Accurate Election Forecast

Post-Election Nailed it, Initial Review of Forecasts

Our final forecast was for Trump to win the election with 306 electoral votes. Though still not 100% declared, it looks like Trump will win 306 electoral votes. This election has been an unprecedented success for ‘newer’ data and analytics and an awful one for those relying on traditional methods and consensus views. It is a time of reckoning for many pundits, forecasters and analysts.

As described in the above previous post, the day prior to the election every major political forecaster, analyst, and betting market projected a relatively easy Clinton victory, with probability exceeding 90% for many. In this environment, it was extremely difficult to forecast a Trump victory, let alone a resounding electoral win. Ridiculed for having made such an ‘out-of-consensus’ call, I cannot deny the feeling of vindication today.

There are many lessons to be learned from the 2016 election. From an analytical point of view, it boils down to understanding the underlying question/problem, creating your analytical framework around the current (not historical) environment, remaining fact-based leveraging the most relevant datasets, and not being swayed by herd-mentality. Unfortunately, it seems like the most established forecasters and pundits failed to varying degrees on each of these elements.

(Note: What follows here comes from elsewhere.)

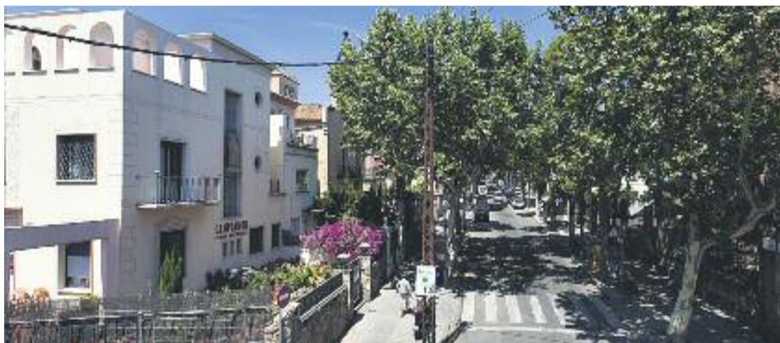
El carrer de Campoamor serà una de les zones que es protegirà.

» El pla de protecció que promou l'Ajuntament també inclou la plaça Bacardí, els carrers Campoamor i Sales i les Cases dels Periodistes

A complete critique of the election results and of our own and other’s analytics is not possible as data is still trickling in from a variety of states. But it looks like things shaped up along the lines that we had advised/warned about over the past year. Principally:

Social Media and On-line Activity Data – ignore these at your own risk. People show you what they are thinking and their interests by what they do on social media and on-line. These datasets are large, fast, and unbiased. They called the primaries before voting began and the general election months in advance. Why people have ignored these obvious sources of data is mind-boggling,
Rustbelt / Brexit State ‘Surprises’ – highlighting surges near the election in pro-Trump social media, searches and on-line activity in these states which overlapped with relatively pro-Trump demographics, we pointed towards states as WI, MI, OH, PA, NC, NH, and IA as states that would surprise in favor of Trump even though many of the then-current polls did not look as promising,
Spike in Turnout – we pounded the table repeatedly for people to take note and adjust their forecasting models. Though data is still trickling in, it looks like many turnout records will be broken this election. The fact that forecasters did not incorporate such a scenario and instead stuck with historical turnout models to forecast the 2016 election was just obviously wrong,
Whites without College Degrees – shown in multiple posts to be a linchpin for this election, they were mostly ignored in forecasting models, even though they were repeatedly shown to have exceptionally high enthusiasm for Trump and to vote. In a specific post, we even modeled how this single demographic could swing the general election, only one other forecasters to my knowledge did any scenario based analysis on turnout for this demographic, which of course ended up being key to the entire election,
Obama’s Coalition Falls Apart – in many posts using hard poll data, we reviewed how Obama’s Coalition would not turnout or vote to the same degree for Clinton – specifically focusing on African-American, women, and youth cohort. The fact that forecasters used results based on the previous elections and not based on the current environment is unconscionable.
Interest and Enthusiasm Levels – on-line activity, polls, rally attendance, record-breaking primary voting, and debate viewership all pointed to incredibly high interest in this election, which strongly leaned in favor of Republicans. The fact that this data was not leveraged more for forecasting is astounding, especially in a race that pointed towards high turnout,
Social Desirability Bias – many analytical and political professionals disregarded the notion of a ‘hidden Trump supporter’ as a figment of the imagination. In our posts, it was repeatedly quantified using many different US political datasets (congress approval, Obama’s approval rating, Clinton vs Trump, Republican primaries, pro-Clinton bias, and high undecideds) and shown to be an academic topic worthy of discussion and not a frivolous one used for political gain. By completely disregarding it, forecasters failed to include all available (and provable) data into their models, frankly an amateur mistake.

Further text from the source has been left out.